Below him, the tramp laughed and turned away into the dark. “That’s telling us,” he muttered.
twenty-three
Scuffles outside Sarah’s door woke her; before she could jump out of bed and hide, a key rattled in the lock. Scrab came in sideways and dumped a breakfast tray on the table. He yanked the window curtains wide. “Always fetching and carrying for you! Thought this setup would be different.”
“Hello, Scrab,” she said.
His small eyes peered at her as she huddled in the quilt. “’Imself said the condemned woman should eat a decent breakfast. Daft beggar.”
He scratched, scattered a little dandruff, and scraped out. Sarah lay back on the pillow. After a while she managed a relieved smile. Her fate was all worked out. Why worry.
She forced herself to eat some toast, then dressed and went down. Darkwater Hall felt cold and deserted. All its pupils were at home now, having their warm Boxing Days, eating leftover turkey and watching TV. Quite suddenly, gazing up at the Trevelyan portraits on the stairs, she felt like a ghost, left over from an earlier age. She wanted to go home. But this was home.
She took the tray to the kitchens and stacked the dishes in the sink. It was completely silent down here. Except that deep below, something thumped.
She turned the cold tap off and listened.
There it was again.
In all her nightly prowls, in all the years she had lived here before, she’d never found the way back to Azrael’s mysterious stairway. She’d even had the corridors upstairs peeled open by workmen, but there had been no panel, no door. Had it really been a dream? After all these decades she didn’t even know.
She turned abruptly. The cat was there, and behind it, like a shadow in the doorway, Azrael stood. He had his lab coat on, and there were yellow sulfur stains on his fingers.
“Sarah,” he said quietly, “there’s someone in the cellar.”
She stared.
“Was it your idea? Did the tramp put you up to it?”
“What?”
“Putting him there.”
“I don’t know what you’re even talking about.” She had rarely seen him so grave.
“Then come on,” he said, hurrying out.
She grabbed a knife from the rack and raced after him. “A burglar?”
Azrael shrugged. “I sincerely hope so.”
He snapped the lights on and ran down the steps to the cellars, huge shadows flickering behind him on the wall.
“How did you know about the tramp?” she gasped.
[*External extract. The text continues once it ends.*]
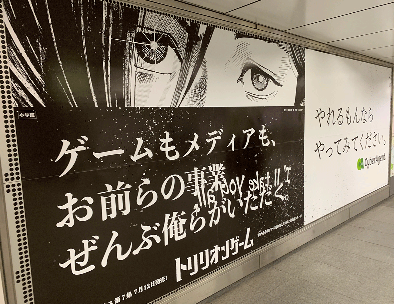 ストーリーにならって同広告では、サイバーエージェントに対して「ゲームもメディアも、お前らの事業ぜんぶ俺らがいただく。」と記載。それに対して、サイバーエージェントが「やれるもんならやってみてください。」という広告を横に掲出し、バトルを演出していました。漫画の世界を飛び越え、実在する企業とコラボした事例でした。
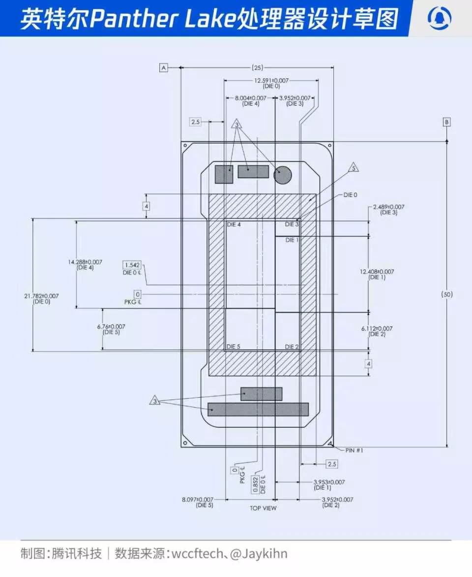 4为CPU,面积114.3mm²,采用18A工艺,考虑到不同配置CPU的DIE SIZE差异,CPU

He glanced back, dark. “This time, Sarah, he won’t spoil things for us.”
At the bottom it was damp. Sarah had been here often. The corridor stank of drains, old beer casks, mice. No one bothered with it. But as she raced after him she heard the sound again, a weary thump, faint, as if all the hope had drained out of it.
Azrael ran through the vaults to the door at the end, the strong-door. He gripped the rusted top bolt, grinding it back.
“Quick!” he snapped. “Hurry, Sarah!”
The bottom bolt was warped; she had to work it frantically up and down before it would shift. Someone had jammed it hard. The thump came again. Just over her head.
“They’re locked in!” she said.
“I know.”
“But who . . . ?”
“Never mind! Have you got it?”
“Yes!”
The bolt slammed back. Azrael hauled the door wide. A pitiful figure, filthy with dust, tearstained, bloodstained, collapsed into his arms.
Scrab opened the front door so suddenly that Tom almost put the key into his eye.
“Oh my Gawd. Yer for it.”
“What?”
Scrab grinned and stood aside. Coming in, Tom saw the Christmas tree in the hall had been lit up again, towering in its green height against the stair-rail.
“And ’aven’t we been a wicked little boy!” Scrab slammed the door; Tom almost jumped.
“I don’t know what you’re talking about.”
The caretaker laid a dirty finger along his nose and tapped it. “Saying nowt. But ’imself’s upstairs. High and mighty today, so I wouldn’t keep ’im waiting. Always like this, after ’e’s been ’obnobbing with the Powers that Be.”